Does the description disclose side effects, auth requirements, rate limits, or destructive behavior?

With no annotations provided, the description carries the full burden of behavioral disclosure. It states the tool deletes a collection, implying a destructive mutation, but does not elaborate on critical aspects such as irreversibility, permissions required, error handling, or side effects (e.g., data loss). This leaves significant gaps for a tool with clear destructive intent.

Agents need to know what a tool does to the world before calling it. Descriptions should go beyond structured annotations to explain consequences.

Conciseness5/5

Is the description appropriately sized, front-loaded, and free of redundancy?

The description is a single, direct sentence with zero wasted words, making it highly concise and front-loaded. It immediately communicates the core action without unnecessary elaboration, which is efficient for an AI agent.

Shorter descriptions cost fewer tokens and are easier for agents to parse. Every sentence should earn its place.

Completeness2/5

Given the tool's complexity, does the description cover enough for an agent to succeed on first attempt?
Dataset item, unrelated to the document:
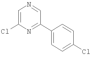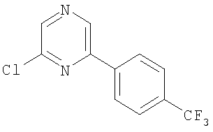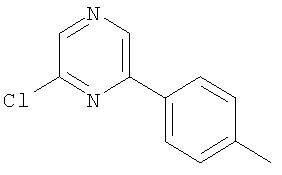 К смеси 2,6-дихлорпиразина (0,5 г; 3,36 ммоль), карбоната натрия (0,925 г; 8,73 ммоль) и 4-трифторметилфенилбороновой кислоты (0,638 г; 3,36 ммоль) в диметоксиэтане (15 мл) и воде (7,5 мл) в атмосфере азота добавляли тетракис(трифенилфосфин)палладий(0) (0,078 г). Полученную смесь нагревали с обратным холодильником в течение 5 ч в атмосфере азота, затем перемешивали при комнатной температуре в течение ночи. Реакционную смесь разбавляли водой (50 мл) и экстрагировали хлороформом (2×75 мл). Органический раствор сушили (MgSO4) и растворители удаляли под вакуумом. В результате очистки Biotage 1Н ЯМР (400 МГц; CDCl3) Промежуточное соединение 50: 2-хлор-6-(4-метилфенил)пиразин

Given the tool's destructive nature, lack of annotations, and no output schema, the description is insufficiently complete. It fails to address key contextual elements like irreversibility, error cases, or what happens post-deletion, which are critical for safe and informed usage by an agent.

Complex tools with many parameters or behaviors need more documentation. Simple tools need less. This dimension scales expectations accordingly.

Parameters3/5

Does the description clarify parameter syntax, constraints, interactions, or defaults beyond what the schema provides?
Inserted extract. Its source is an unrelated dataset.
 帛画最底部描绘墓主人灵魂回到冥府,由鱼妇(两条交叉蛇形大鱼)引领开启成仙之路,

The schema description coverage is 100%, with the single parameter 'collection' clearly documented in the schema. The description does not add any additional meaning or context beyond what the schema provides (e.g., format examples or constraints), so it meets the baseline for adequate but not enhanced parameter semantics.

Input schemas describe structure but not intent. Descriptions should explain non-obvious parameter relationships and valid value ranges.

Purpose4/5

Does the description clearly state what the tool does and how it differs from similar tools?
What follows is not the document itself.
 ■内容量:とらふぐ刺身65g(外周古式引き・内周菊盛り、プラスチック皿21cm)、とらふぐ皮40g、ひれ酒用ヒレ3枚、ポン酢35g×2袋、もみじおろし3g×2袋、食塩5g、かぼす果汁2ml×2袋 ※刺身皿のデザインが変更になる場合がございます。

The description clearly states the action ('Delete') and resource ('a Qdrant collection'), making the purpose immediately understandable. However, it does not differentiate this tool from its siblings (like 'list_collections' or 'add_documents'), which would require mentioning it's a destructive operation versus read-only alternatives.

Agents choose between tools based on descriptions. A clear purpose with a specific verb and resource helps agents select the right tool.

Usage Guidelines2/5

Does the description explain when to use this tool, when not to, or what alternatives exist?

The description provides no guidance on when to use this tool versus alternatives. It does not mention prerequisites (e.g., that the collection must exist), exclusions, or refer to sibling tools like 'list_collections' for checking before deletion, leaving the agent with minimal context for decision-making.

Agents often have multiple tools that could apply. Explicit usage guidance like "use X instead of Y when Z" prevents misuse.